​NAB Ventures backs blockchain startup in $24m round

The VC arm of the National Australia Bank has invested in San Francisco-based foreign exchange payments startup Veem.

The National Australia Bank (NAB) has announced that its venture capital fund, NAB Ventures, has led foreign exchange startup Veem's $24 million Series B investment round.

In addition to NAB, Veem -- formerly Align Commerce -- received funding from Google Ventures, American VC firm Kleiner Perkins Caufield & Byers, Silicon Valley Bank, and Japanese fund SBI Investment Co. Ltd.

The San Francisco-based startup uses blockchain technology to perform cross-border business-to-business payments that are settled and sent in respective local currencies.

In announcing the funding injection on Thursday, NAB Ventures general partner Melissa Widner said NAB is continually looking at services that have the potential to make life easier for its business customers.

"Technology in the global payments and foreign exchange space is evolving rapidly as customers identify new platforms to help them do business quickly and easily," said Widner, who will join the Veem board following NAB Ventures' investment.

"We identified Veem as a market leader in both technology and business model. This investment forges a close relationship with the company that will provide insights into user expectations of where technology is heading for cross-border payments.

Previously, NAB Ventures, alongside Qantas Loyalty and Westpac's ReInventure Fund, invested in Sydney-based startup Data Republic's AU$10.5 million Series A round.

Data Republic was co-founded in 2014 by Paul McCarney and Danny Gilligan, who is also the co-founder of Westpac's ReInventure.

The startup offers a marketplace for data exchange between organisations and is currently in use by governments and not-for-profits, in addition to private enterprise.

NAB announced last month it was working with health-tech startup Medipass Solutions -- which the bank also seed-funded in February -- to develop a new digital platform to connect patients with healthcare practitioners.

Although the "Uber-like" platform is currently in testing and development phase, NAB expects it will allow users to also receive upfront cost estimates, make appointments, and take care of payment or claiming for the consultation. It will also leverage the NAB-owned health claims and payments system (HICAPS).

For the initiative, NAB has also partnered with Melbourne-based tech startup Localz, which won NAB Labs' inaugural Hackathon in December 2014 and received funding from NAB Ventures.

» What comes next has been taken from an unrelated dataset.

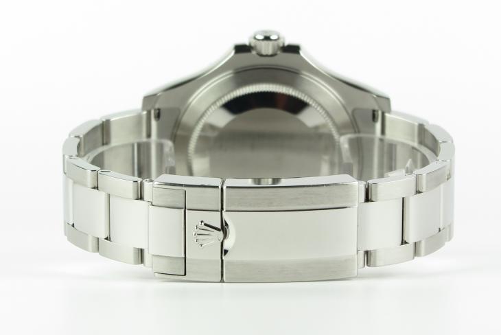 Rolex Yacht Master med sølv skive og plantin lynette. Uret måler 40 mm og har automatisk optræk. Sættet er komplet med boks, papirer og certifikat.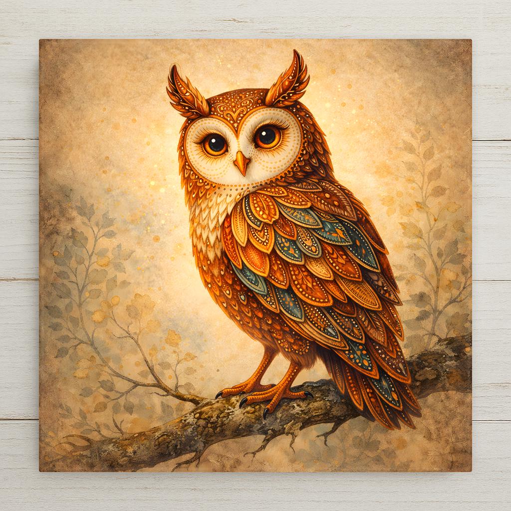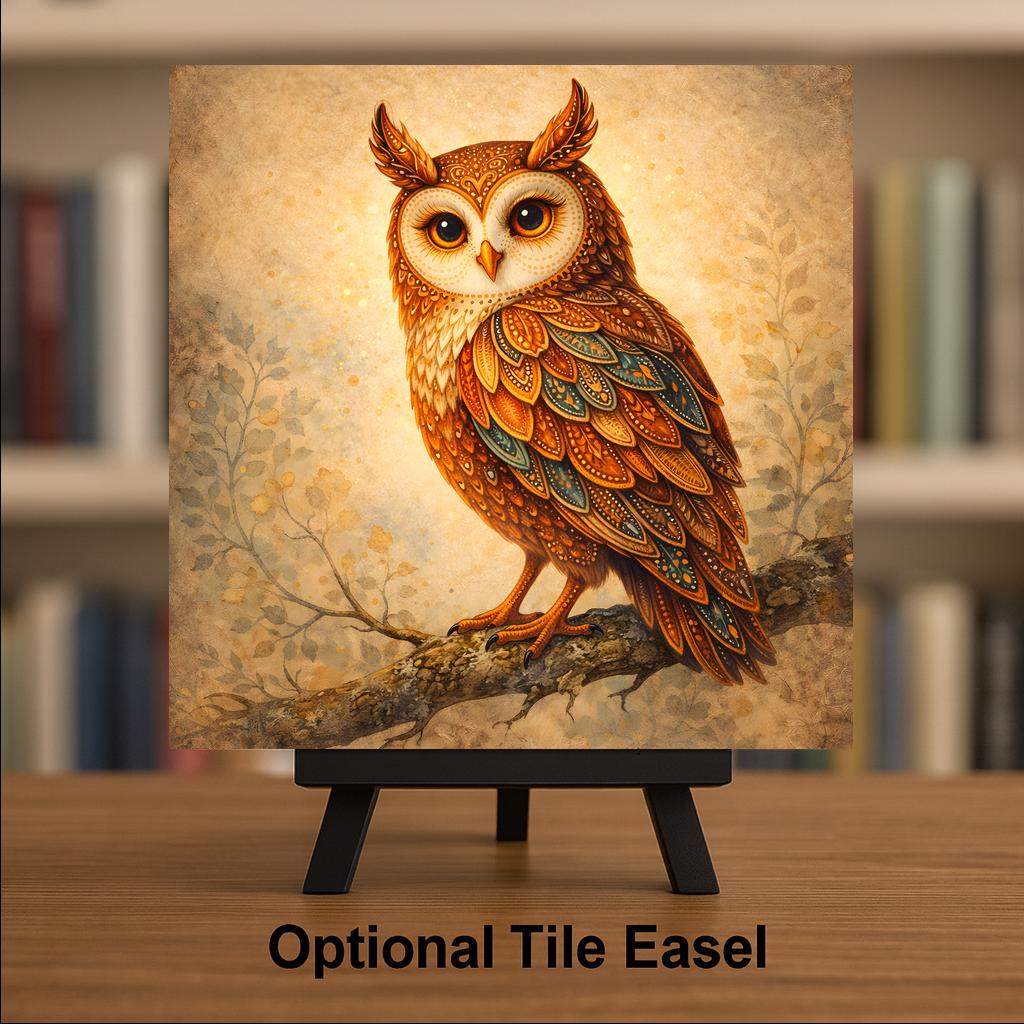 This woodland owl ceramic tile combines warmth, detail, and personality. The layered feather patterns create depth and movement. Earthy copper and amber tones are balanced with subtle teal accents, giving the piece richness without overwhelming a space.

Last year, NAB chief Andrew Thorburn said the bank was looking to make faster, bigger, better changes, and to do that, it needed to embrace the hunger found within fintech companies.

"I actually think we are a fintech company ourselves. I think we have the mindset of a fintech company, and I actually think we have a lot of the assets of a fintech company," he said previously.

"Fintech companies -- the smaller, emerging ones -- they're hungry, they want to make an impact, they find an opportunity, and they go after it. And that's the sort of hunger we need inside our own company.

"They should be respected, but not feared."

On Wednesday, Australian Securities Exchange-listed fintech firm Digital X announced that an update to its AirPocket app that allows money transfers to some countries in Latin America went live in the United States on Android devices, with iOS availability to shortly follow.

According to the former bitcoin miners, AirPocket is the first blockchain-enhanced mobile payments application in the world, with the AirPocket platform allowing users to make low-cost, cross-border money transfers.

Digital X found itself listed on the ASX after performing a reverse takeover of investment firm Macro Energy almost three years ago. Digital X only emerged in October 2015 after DigitalBTC -- trading as Digital CC -- underwent a name change and shift in business model as well.

Once rebranded, Digital X announced its focus would be on its app-based cash remittance product AirPocket, saying at the time that the new name and direction represented a strategic change from a focus on bitcoin as a mechanism in order to store value to a focus on software development.

After reporting its ninth quarterly loss since landing on the ASX, Digital X revealed it had handed its liquidity desk duties over to Blockchain Group to allow them to focus on AirPocket, the company said.

Although Digital X is based in Perth, AirPocket is not available in Australia.

Digital X also told shareholders on Tuesday it was recently selected as a delegate by Australian government bodies for a number of upcoming international events to showcase Australia's leading financial services and technology companies.

Earlier this week, Standards Australia published a Roadmap for Blockchain Standards, determining the industry should first develop blockchain and distributed ledger technology (DLT) terminology standards as a means to clarify definitions in the sector and set a platform for the development of other related standards.

Australia's non-government standards body was charged with managing the secretariat of an international technical committee for the development of blockchain standards by the International Organization for Standardization (ISO) in September, with 16 ISO member bodies including Germany, the United States, the United Kingdom, France, Canada, Estonia, Japan, and South Korea also participating in the development of ISO/TC 307 Blockchain and electronic distributed ledger technologies.

Australia will host the first international blockchain standards meeting for ISO/TC 307 in April.